→ **What is required**: From the line containing "祭孔仪式后,全体学生身着汉服" to the line containing "Grab your helmets" in the entries below, reproduce every line exactly, ends included. Nothing else belongs in the copy, and no pictures.
***** Data provided
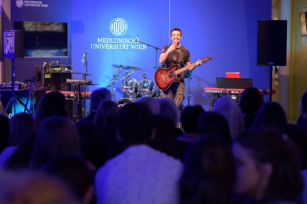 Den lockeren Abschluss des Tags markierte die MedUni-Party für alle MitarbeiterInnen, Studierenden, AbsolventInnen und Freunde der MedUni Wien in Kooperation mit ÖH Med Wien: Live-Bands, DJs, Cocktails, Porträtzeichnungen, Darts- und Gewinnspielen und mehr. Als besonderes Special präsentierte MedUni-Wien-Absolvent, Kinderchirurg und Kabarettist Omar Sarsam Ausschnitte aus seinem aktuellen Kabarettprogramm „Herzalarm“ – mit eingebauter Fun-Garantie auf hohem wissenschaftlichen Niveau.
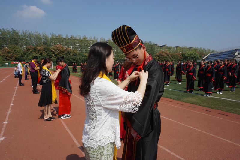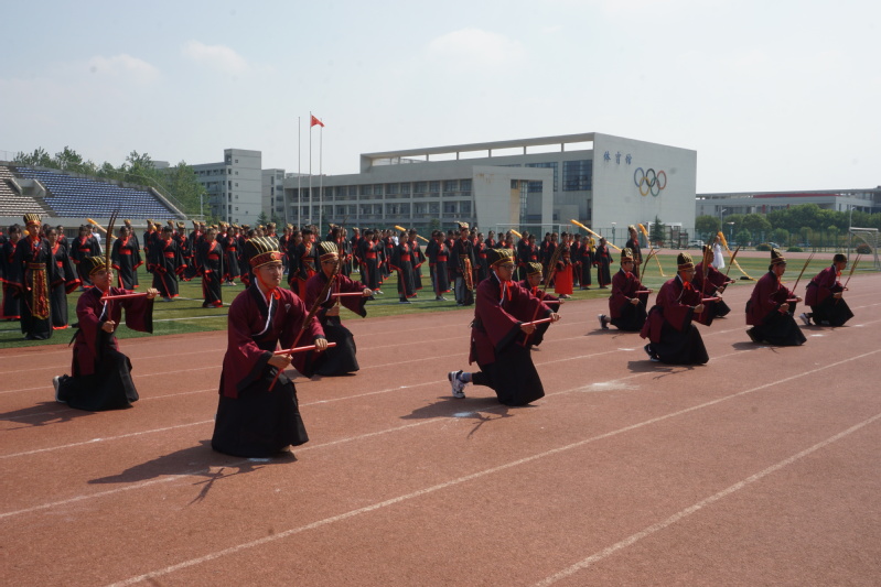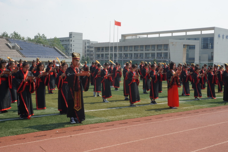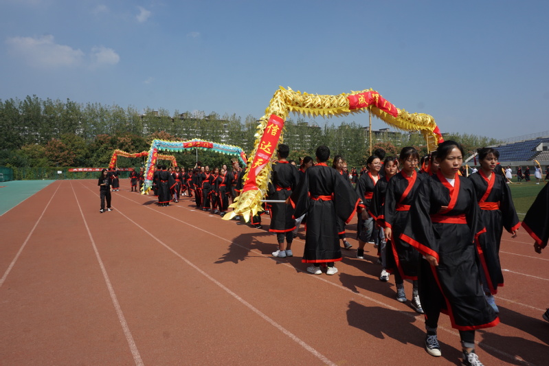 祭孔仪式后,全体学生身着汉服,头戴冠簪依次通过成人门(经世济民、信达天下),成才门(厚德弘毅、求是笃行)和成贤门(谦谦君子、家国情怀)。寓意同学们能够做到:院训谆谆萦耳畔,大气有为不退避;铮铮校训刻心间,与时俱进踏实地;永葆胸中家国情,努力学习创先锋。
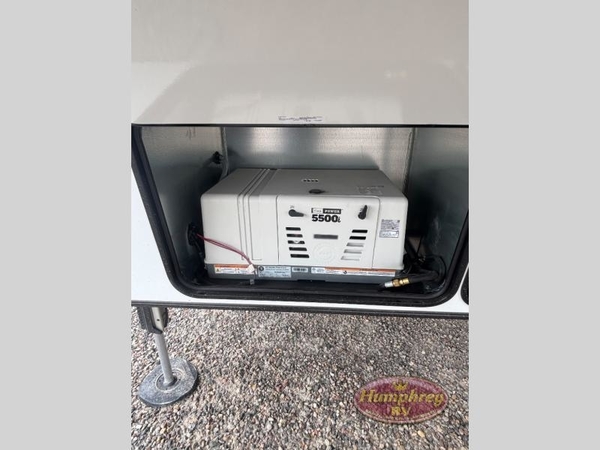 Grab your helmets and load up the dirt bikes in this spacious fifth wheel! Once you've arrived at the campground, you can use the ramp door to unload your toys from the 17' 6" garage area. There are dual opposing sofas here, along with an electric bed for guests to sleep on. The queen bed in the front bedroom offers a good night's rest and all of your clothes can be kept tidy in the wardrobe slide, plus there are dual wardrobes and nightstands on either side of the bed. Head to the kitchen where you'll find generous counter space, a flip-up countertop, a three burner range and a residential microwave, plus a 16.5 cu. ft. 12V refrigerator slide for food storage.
**********
***** Data provided
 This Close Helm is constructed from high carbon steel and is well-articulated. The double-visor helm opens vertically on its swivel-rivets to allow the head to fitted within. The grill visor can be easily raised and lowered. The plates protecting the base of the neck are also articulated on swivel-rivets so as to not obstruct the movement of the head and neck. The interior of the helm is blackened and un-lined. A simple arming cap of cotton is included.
**********
→ **Response to the exercise**:
 祭孔仪式后,全体学生身着汉服,头戴冠簪依次通过成人门(经世济民、信达天下),成才门(厚德弘毅、求是笃行)和成贤门(谦谦君子、家国情怀)。寓意同学们能够做到:院训谆谆萦耳畔,大气有为不退避;铮铮校训刻心间,与时俱进踏实地;永葆胸中家国情,努力学习创先锋。
 Grab your helmets and load up the dirt bikes in this spacious fifth wheel! Once you've arrived at the campground, you can use the ramp door to unload your toys from the 17' 6" garage area. There are dual opposing sofas here, along with an electric bed for guests to sleep on. The queen bed in the front bedroom offers a good night's rest and all of your clothes can be kept tidy in the wardrobe slide, plus there are dual wardrobes and nightstands on either side of the bed. Head to the kitchen where you'll find generous counter space, a flip-up countertop, a three burner range and a residential microwave, plus a 16.5 cu. ft. 12V refrigerator slide for food storage.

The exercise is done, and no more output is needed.